Multithreading performance
Closed this issue · 5 comments
Hello,
I have been trying to evaluate the performance of this package with multiple threads but unfortunately setting multithreded=true
seems to result in a slowdown (running on a 6-core CPU):
$ julia -t 6
...
julia> using Pigeons
(omitting first run)
julia> pigeons(target = toy_mvn_target(100), multithreaded=false)
┌ Info: Neither traces, disk, nor online recorders included.
│ You may not have access to your samples (unless you are using a custom recorder, or maybe you just want log(Z)).
└ To add recorders, use e.g. pigeons(target = ..., record = [traces; record_default()])

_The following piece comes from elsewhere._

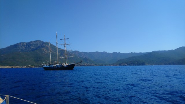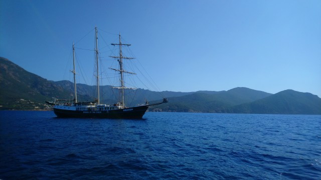 En arrivant dans le golfe de Galeria vers 17h30, nous croisons un sublime 3 mâts au mouillage. Je rêve de partir faire le tour du monde avec un vieux gréement, c’est une tout autre dimension de la navigation, en communauté et à l’ancienne. Il s’appelle le Kraken ! Bien nommé !

┌ Warning: More than one threads are available, but explore!() loop is not parallelized as inputs.multithreaded == false
└ @ Pigeons ~/.julia/packages/Pigeons/rBo9q/src/pt/checks.jl:12
────────────────────────────────────────────────────────────────────────────
scans Λ time(s) allc(B) log(Z₁/Z₀) min(α) mean(α)
────────── ────────── ────────── ────────── ────────── ────────── ──────────
2 7.5 5.64e-05 1.28e+04 -122 2.66e-15 0.167
4 5.59 6.76e-05 1.47e+04 -119 2.6e-07 0.378
8 6.04 0.000102 1.86e+04 -115 0.00129 0.329
16 7.27 0.00016 2.42e+04 -118 0.0134 0.193
32 6.97 0.00025 3.05e+04 -114 0.107 0.225
64 7.03 0.000439 4.13e+04 -117 0.0531 0.219
128 7.23 0.000797 6.08e+04 -114 0.0944 0.196
256 7.05 0.00142 6.77e+04 -115 0.13 0.217
512 7.14 0.00259 7.18e+04 -115 0.171 0.207
1.02e+03 7.19 0.00494 7.91e+04 -115 0.172 0.201
────────────────────────────────────────────────────────────────────────────
PT(checkpoint = false, ...)
julia> pigeons(target = toy_mvn_target(100), multithreaded=true)
┌ Info: Neither traces, disk, nor online recorders included.
│ You may not have access to your samples (unless you are using a custom recorder, or maybe you just want log(Z)).
└ To add recorders, use e.g. pigeons(target = ..., record = [traces; record_default()])
────────────────────────────────────────────────────────────────────────────
scans Λ time(s) allc(B) log(Z₁/Z₀) min(α) mean(α)
────────── ────────── ────────── ────────── ────────── ────────── ──────────
2 7.5 0.0227 7.49e+05 -122 2.66e-15 0.167
4 5.59 0.0223 7.57e+05 -119 2.6e-07 0.378
8 6.04 0.000379 5.62e+04 -115 0.00129 0.329
16 7.27 0.000604 9.92e+04 -118 0.0134 0.193
32 6.97 0.000983 1.8e+05 -114 0.107 0.225
64 7.03 0.00175 3.42e+05 -117 0.0531 0.219
128 7.23 0.00184 6.61e+05 -114 0.0944 0.196
256 7.05 0.0036 1.27e+06 -115 0.13 0.217
512 7.14 0.00811 2.48e+06 -115 0.171 0.207
1.02e+03 7.19 0.0172 4.91e+06 -115 0.172 0.201
────────────────────────────────────────────────────────────────────────────
PT(checkpoint = false, ...)
julia>
Is this expected?
I tried changing the problem by increasing the number of chains, changing the dimension of the problem, and increasing the number of rounds but the results remain similar.
For instance:
julia> pigeons(target = toy_mvn_target(500), multithreaded=true, n_rounds=17)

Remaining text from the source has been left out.